Fourthly, the incompetence beggars belief. As does the cover-up industry that follows in its wake. A distant relative of mine died in a local hospital a few years ago. There were strong grounds for suspecting incompetence, but as soon as we asked for the files on her case – a long-established right for relatives – they were “lost” faster than you could say well, that’s highly convenient.

New Labour’s solution to all of this, which seemed sensible at the time, was to put a high proportion of the last big surge of extra money into the NHS into salaries instead of into facilities. In the naïve belief that investment in facilities was on-going and that increasing salaries could only improve morale and self-respect, most of us thought this was the right thing to do. But on the basis of the un-professionalism, lack of care and downright sloppiness I witnessed, I cannot see how the salary increases made any difference whatsoever. Although I am told – I don’t know this for a fact, but my sources are good – that the extra money went to the higher end of the system. Well, no surprise there.

So where do we go from here? Not, absolutely not, into another review of the NHS. Few West End plays have been reviewed less times than the NHS. On the basis of what I witnessed, I will never vote Labour again and those of you who want to get a flavour of how awful the system is before you learn first hand, might want to take a look at this site:

http://nhsblogdoc.blogspot.com/2007/01/britmeds-2007-2.html

My family’s story ended happily, but this too, throws light on the state of the NHS. I said that my mother’s being taken into hospital was caused by breathlessness, brought on by emphysema from 50 years smoking. This, though, is not the whole picture.

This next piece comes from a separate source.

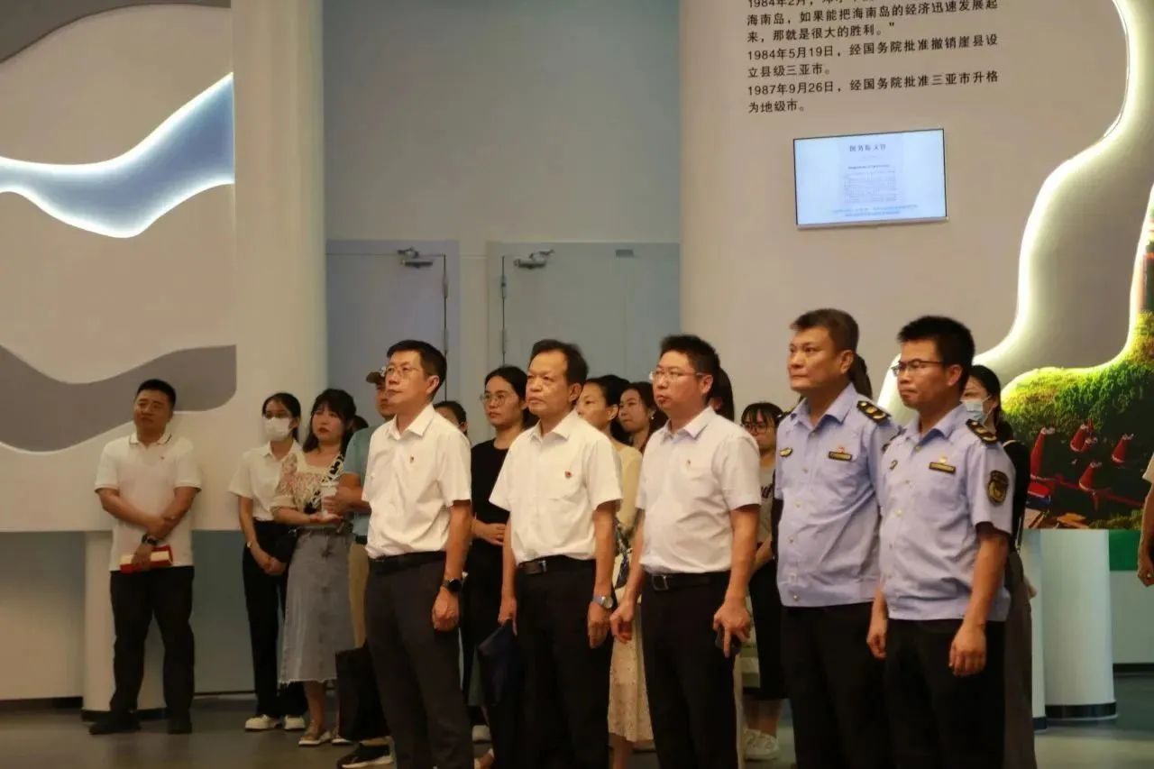 8月24日下午15时,学院党支部与三亚森旅投资有限公司联合党支部、三亚市综合执法局机关第二党支部在三亚市丰兴隆党群主题公园共同开展“学党史明初心 悟思想促业务”主题党日活动。学院党支部书记陈磊、副书记刘亢,三亚森旅投资有限公司联合党支部书记王玥、纪检委员郑美,海南航程旅游发展有限公司副总经理赵志斌,三亚市综合执法局机关第二党支部书记丁建国出席,共61名党员领导干部参加。

In 1985, I worked with an American photographer who had lived in the far east and parts of the third world. No Ugly American, this one. He had absorbed a lot of Buddhist teaching and developed an immense knowledge of traditional medicine, knowledge that far pre-dates the product-dispensing industry that much – not all, but much – of western medicine has become. This in turn, had led him to use homeopathy, one of the major self-healing disciplines and I was so impressed by his experience, that I too saw a homeopath. I haven’t seen a doctor since – ie: in 22 years – and nor have any of my family, who also switched to homeopathy. It was a homeopath who got my mother off smoking – at 70, after 50 years of smoking – and my mother’s only time in hospital since 1985 was this time she needed oxygen, which was at the insistence of the homeopath. The homeopath’s view, which I have since had confirmed by a world expert on emphysema, was that a week’s supply of oxygen was all she needed – not the drugs they pumped into her in the second ward.

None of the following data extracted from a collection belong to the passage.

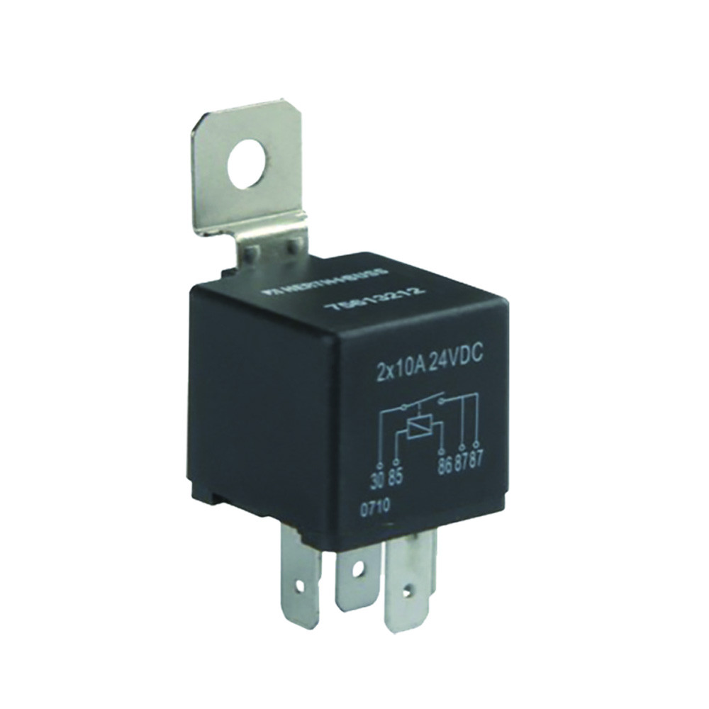 Relais voor 24V-systemen met een schakelvermogen van 20A, ideaal voor het schakelen van verlichting, ventilatoren en andere elektrische verbruikers. Ontworpen voor een betrouwbare werking in voertuigen en elektrische installaties.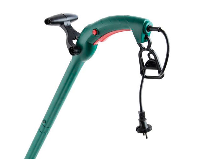 Электротриммер Hammer Flex ETR300 мощностью 350 Вт – простой инструмент для ухода за газоном на дачном участке. За один проход он обрабатывает полосу шириной 20 см. Отличительная черта модели — небольшой вес, всего 2 кг.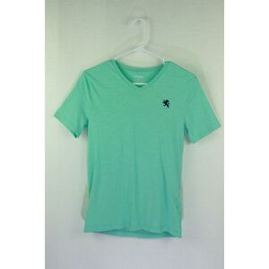 Express T-Shirt V Neck Short Sleeve Cotton Blue Embroidered Logo Womens XS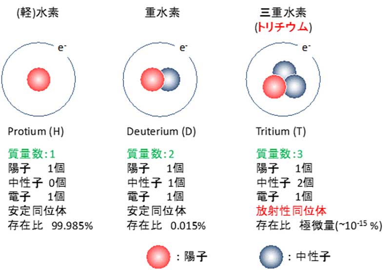 水素には同位体である軽水素(1H)、デューテリウム(重水素:2H)、トリチウム(三重水素:3H)の3種類が存在し、化学的性質はほぼ同じだが、トリチウムのみ放射線(ベータ線)を放出する。このトリチウムの特徴について、鳥養教授は次のように解説する。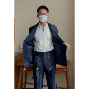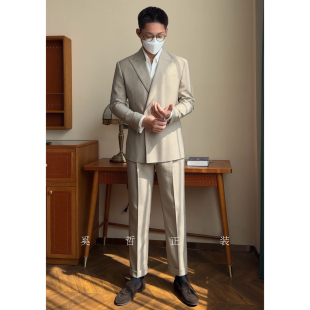 925 双排扣两粒扣暗人字纹休闲两件套西服套装 春季 意式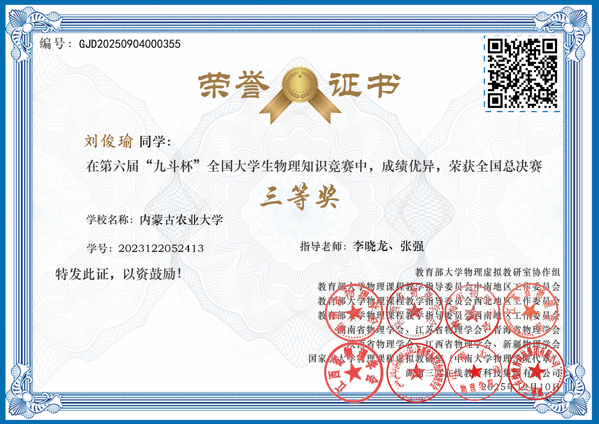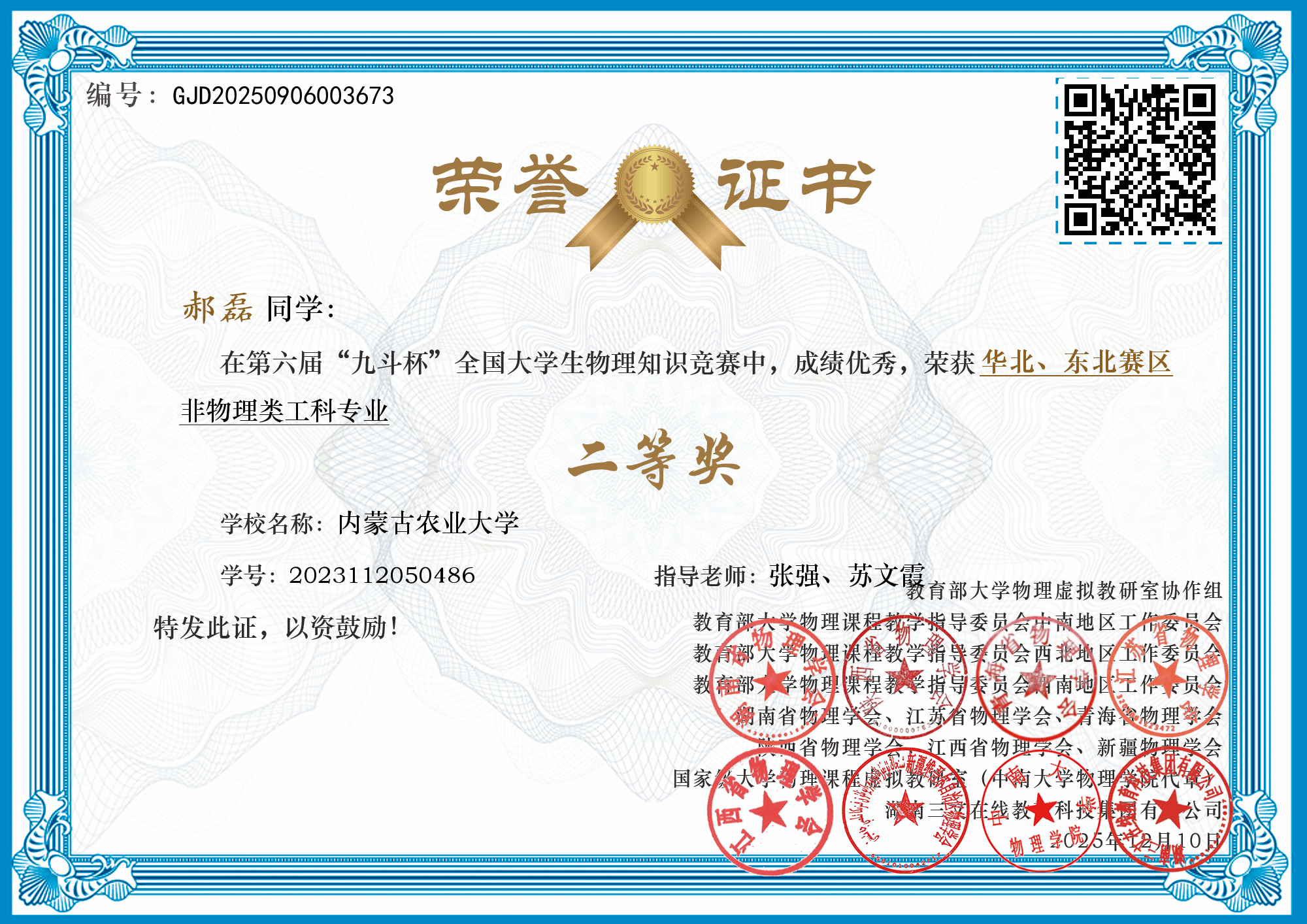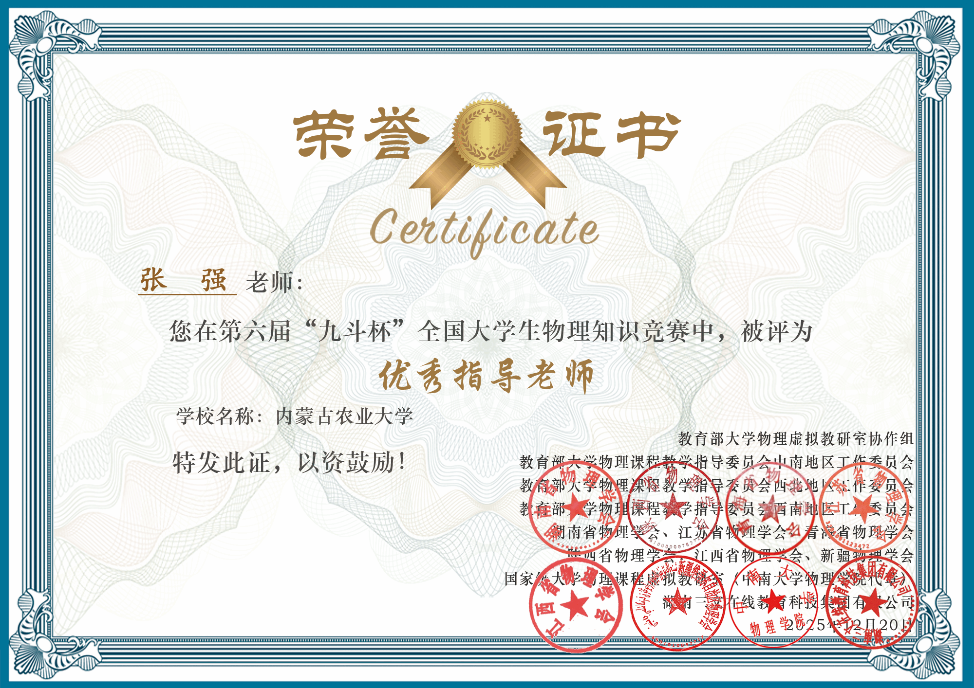 近日,第六届“九斗杯”全国大学物理课程知识竞赛决赛落幕。我校学生历经三周的激烈角逐,通过初赛、复赛、决赛选拔,荣获全国总决赛一等奖1项、二等奖5项、三等奖5项。荣获华北、东北赛区一等奖11项、二等奖12项、三等奖15项。学校同时获评“优秀组织奖”,张强副教授荣获“优秀指导教师”称号。

In the two years since this occurred, the homeopath has given her natural remedies which have almost entirely lifted the emphysema off her chest and are currently draining it out of her throat via a series of sweat, sneezing and coughing expulsions. The smokers rattle on her chest, built up over a lifetime of smoking, has virtually gone. According to conventional medicine, all of this is impossible, but anybody reading this who has used so-called alternative medicine will recognise the logic.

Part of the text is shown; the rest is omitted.